# Credits to

[1] https://www.kaggle.com/mayer79/m5-forecast-keras-with-categorical-embeddings-v2 

[2] https://www.kaggle.com/ragnar123/very-fst-model

[3] https://www.kaggle.com/mayer79/m5-forecast-poisson-loss

[4] https://www.kaggle.com/lnovakovi/copy-m5-darker-magic-difflgbm

# Libraries

In [None]:
import warnings
warnings.filterwarnings('ignore')
import pandas as pd
import numpy as np
import gc
import os
from tqdm.notebook import tqdm
import matplotlib.pyplot as plt
from sklearn.preprocessing import OrdinalEncoder
import time
import pickle
import lightgbm as lgb
from sklearn.ensemble import RandomForestRegressor
from sklearn.ensemble import AdaBoostRegressor
import lightgbm as lgb
import xgboost as xgb
from sklearn.metrics import mean_squared_error
from sklearn.metrics import mean_squared_log_error
from sklearn.metrics import mean_poisson_deviance

import os, sys, gc, time, warnings, pickle, psutil, random

# custom imports
from multiprocessing import Pool        # Multiprocess Runs

warnings.filterwarnings('ignore')

# Reduce Memory Usage 

Run this function on dataframes to reduce the memory usage.

In [None]:
'''
Got from: [1]
'''
def reduce_mem_usage(df, verbose=True):
    numerics = ['int16', 'int32', 'int64', 'float16', 'float32', 'float64']
    start_mem = df.memory_usage().sum() / 1024**2    
    for col in df.columns:
        col_type = df[col].dtypes
        if col_type in numerics:
            c_min = df[col].min()
            c_max = df[col].max()
            if str(col_type)[:3] == 'int':
                if c_min > np.iinfo(np.int8).min and c_max < np.iinfo(np.int8).max:
                    df[col] = df[col].astype(np.int8)
                elif c_min > np.iinfo(np.int16).min and c_max < np.iinfo(np.int16).max:
                    df[col] = df[col].astype(np.int16)
                elif c_min > np.iinfo(np.int32).min and c_max < np.iinfo(np.int32).max:
                    df[col] = df[col].astype(np.int32)
                elif c_min > np.iinfo(np.int64).min and c_max < np.iinfo(np.int64).max:
                    df[col] = df[col].astype(np.int64)  
            else:
                if c_min > np.finfo(np.float16).min and c_max < np.finfo(np.float16).max:
                    df[col] = df[col].astype(np.float16)
                elif c_min > np.finfo(np.float32).min and c_max < np.finfo(np.float32).max:
                    df[col] = df[col].astype(np.float32)
                else:
                    df[col] = df[col].astype(np.float64)    
    end_mem = df.memory_usage().sum() / 1024**2
    if verbose: print('Mem. usage decreased to {:5.2f} Mb ({:.1f}% reduction)'.format(end_mem, 100 * (start_mem - end_mem) / start_mem))
    return df

# Upload data

In [None]:

'''
Got from: [1]
'''
'''
path = "../input/m5-forecasting-accuracy"

calendar = pd.read_csv(os.path.join(path, "calendar.csv"))
selling_prices = pd.read_csv(os.path.join(path, "sell_prices.csv"))
sample_submission = pd.read_csv(os.path.join(path, "sample_submission.csv"))
sales = pd.read_csv(os.path.join(path, "sales_train_validation.csv"))
'''

# Helper functions from [4]

* Get data by store - the function in which we upload our dataframe with features 
* Get base test - the function that returns preprocessed test set-  it has all the features that author of [4] created (rolling means 7 ... 60 I think, lag features, mean encoding etc).
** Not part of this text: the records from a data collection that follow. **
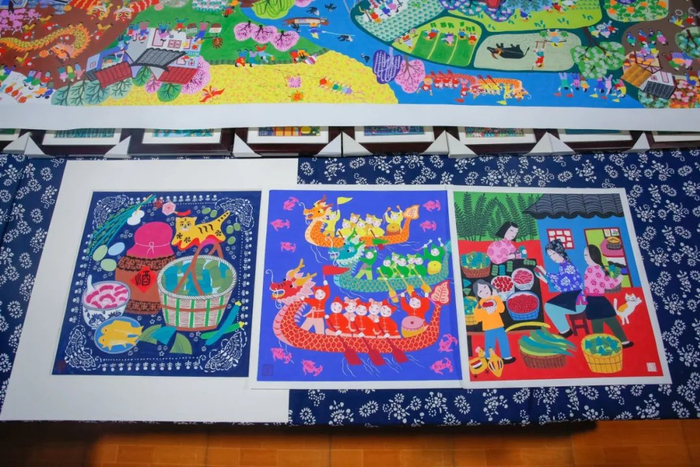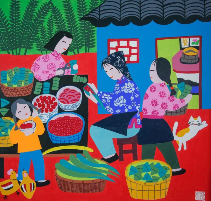此外,《赛龙舟》《端午包粽子》等作品也同样充满趣味。陈惠方告诉记者,农民画画的是生活,也是画家对生活的感悟。“现在很多年轻人对传统习俗并不是很了解,我希望通过我的画,用简洁的笔触和浓烈的色彩,让他们对这些习俗产生兴趣、留下深刻记忆,将端午等节日的习俗与精神内涵传递给更多的人”。
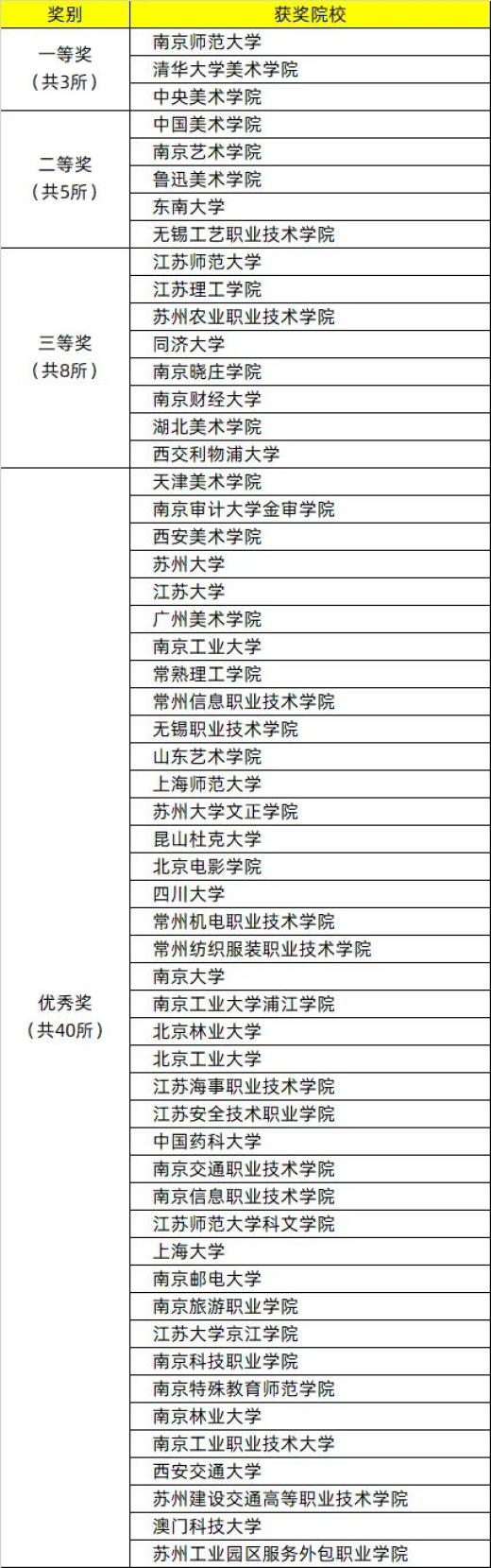 中央美术学院 / 中国美术学院 / 清华大学美术学院 / 广州美术学院 / 鲁迅美术学院 / 四川美术学院 / 天津美术学院 / 西安美术学院 / 湖北美术学院 / 澳门科技大学 / 中国传媒大学 / 北京林业大学 / 北京工业大学 / 北京电影学院 / 同济大学 / 上海大学 / 浙江大学 / 山东工艺美术学院 / 山东艺术学院 / 南京大学 / 东南大学 / 南京理工大学 / 中国药科大学 / 江南大学 / 中国矿业大学 / 南京师范大学 / 苏州大学 / 南京林业大学 / 南京邮电大学 / 南京工业大学 / 南京财经大学 / 南京艺术学院 / 南京工程学院 / 南京晓庄学院 / 南京特殊教育师范学院 / 南通大学 / 江苏大学 / 江苏师范大学 / 徐州医科大学 / 西交利物浦大学 / 江苏开放大学 / 南京工业职业技术大学 / 常熟理工学院 / 江苏理工学院 / 淮阴师范学院 / 江南影视艺术职业学院 / 淮阴工学院 / 徐州工程学院 / 三江学院 / 南京航空航天大学金城学院 / 南京工业大学浦江学院 / 南京审计大学金审学院 / 南京传媒学院 / 苏州大学文正学院 / 江苏大学京江学院 / 南京交通职业技术学院 / 南京科技职业学院 / 江苏经贸职业技术学院 / 南京信息职业技术学院 / 江苏海事职业技术学院 / 南京城市职业学院 / 南京视觉艺术职业学院 / 江苏信息职业技术学院 / 无锡职业技术学院 / 无锡商业职业技术学院 / 无锡工艺职业技术学院 / 江苏建筑职业技术学院 / 江苏安全技术职业学院 / 常州信息职业技术学院 / 常州纺织服装职业技术学院 / 常州工程职业技术学院 / 苏州市职业大学 / 苏州工艺美术学院 / 苏州农业职业技术学院 / 苏州健雄职业技术学院 / 江苏工程职业技术学院 / 江苏农林职业技术学院 / 江苏农牧科技职业学院 / 泰州职业技术学院 / 苏州建设交通高等职业技术学校……
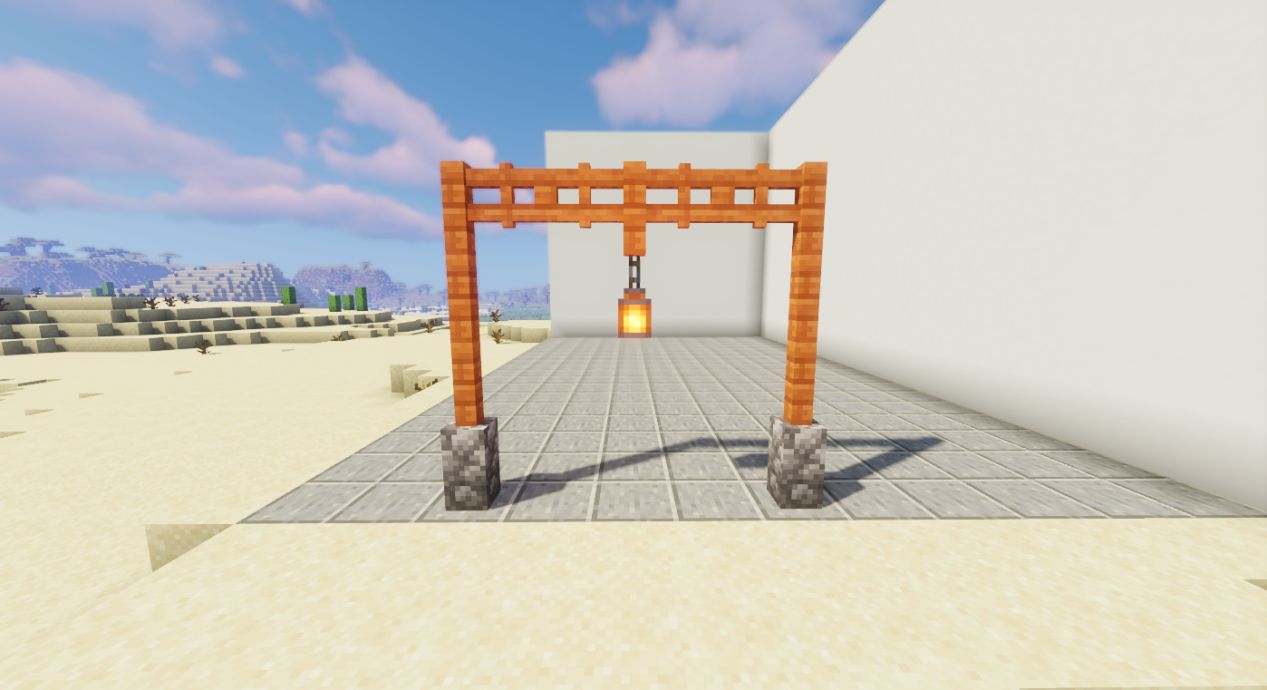 依旧用金合欢栅栏门放在左右,合金欢栅栏放在中间以链接两根柱子。下面可以挂一个灯笼!

We can always drop the features we don't want to use 


In [None]:
#################################################################################
## Seeder
# :seed to make all processes deterministic     # type: int
def seed_everything(seed=0):
    random.seed(seed)
    np.random.seed(seed)

    
## Multiprocess Runs
def df_parallelize_run(func, t_split):
    num_cores = np.min([N_CORES,len(t_split)])
    pool = Pool(num_cores)
    df = pd.concat(pool.map(func, t_split), axis=1)
    pool.close()
    pool.join()
    return df


# Read data
def get_data_by_store(store):
    
    # Read and contact basic features here, just related to e.g. calendar and
    # prices 
    
    #The guy had 4 pickle files of features, first load simple ones
    
    #Here we can load our features what we have
    '''df = pd.concat([pd.read_pickle(ID),
                    pd.read_pickle(INITIAL).iloc[:,2:],
                    pd.read_pickle(PART2).iloc[:,2:]],
                   
                    axis=1)
    '''
    # In our case we have sales as melted dataframe, and we leave relevant part 
    
    df=sales
    df = df[df['store_id']==store]
    
    
    '''With memory limits we have to read 
    lags and mean encoding features
    separately and drop items that we don't need.
    As our Features Grids are aligned 
    we can use index to keep only necessary rows
    Alignment is good for us as concat uses less memory than merge. '''
    
    # We add lag and rolling features seperately and leave only one related
    # to indexes we have, so only ones for current STORE ID 
    
    '''
    df2 = pd.read_pickle(ROLLING)
    df2 = df2[df2.index.isin(df.index)]
    
    df3 = pd.read_pickle(LAGS).iloc[:,3:]
    df3 = df3[df3.index.isin(df.index)]
    
    df = pd.concat([df, df2], axis=1)
    del df2 # to not reach memory limit 
    
    df = pd.concat([df, df3], axis=1)
    del df3 # to not reach memory limit '''
    
    # Note: Here we can also add functions to dynamically make some new features 
    
    # Create features list 
    # note: feature list is defined in the cell with the rest of the global variables
    features = [col for col in list(df) if col not in remove_features]
    df = df[['id','d',TARGET]+features]
    
    
    # Skipping first n rows
    df = df[df['d']>=START_TRAIN].reset_index(drop=True)
    #print(df)
    return df, features

# Recombine Test set after training
def get_base_test():
    base_test = pd.DataFrame()
    for store_id in STORES_IDS:
        #temp_df = pd.read_pickle('../input/m5-aux-models/test_'+store_id+'.pkl')
        temp_df = pd.read_pickle('test_'+str(store_id)+'.pkl')
        temp_df['store_id'] = store_id
        base_test = pd.concat([base_test, temp_df]).reset_index(drop=True)
        
    return base_test

Help functions from [4] for making features dynamically

In [None]:
# makes dynamically features (used in the prediction part I think
# but if we don't have pickle files we can use them in training I think as well)

def make_lag(LAG_DAY):
    #TARGET="sales"
    lag_df = base_test[['id','d',TARGET]]
    col_name = 'sales_lag_'+str(LAG_DAY)
    lag_df[col_name] = lag_df.groupby(['id'])[TARGET].transform(lambda x: x.shift(LAG_DAY)).astype(np.float16)
    return lag_df[[col_name]]


def make_lag_roll(LAG_DAY):
    #TARGET="sales"
    shift_day = LAG_DAY[0]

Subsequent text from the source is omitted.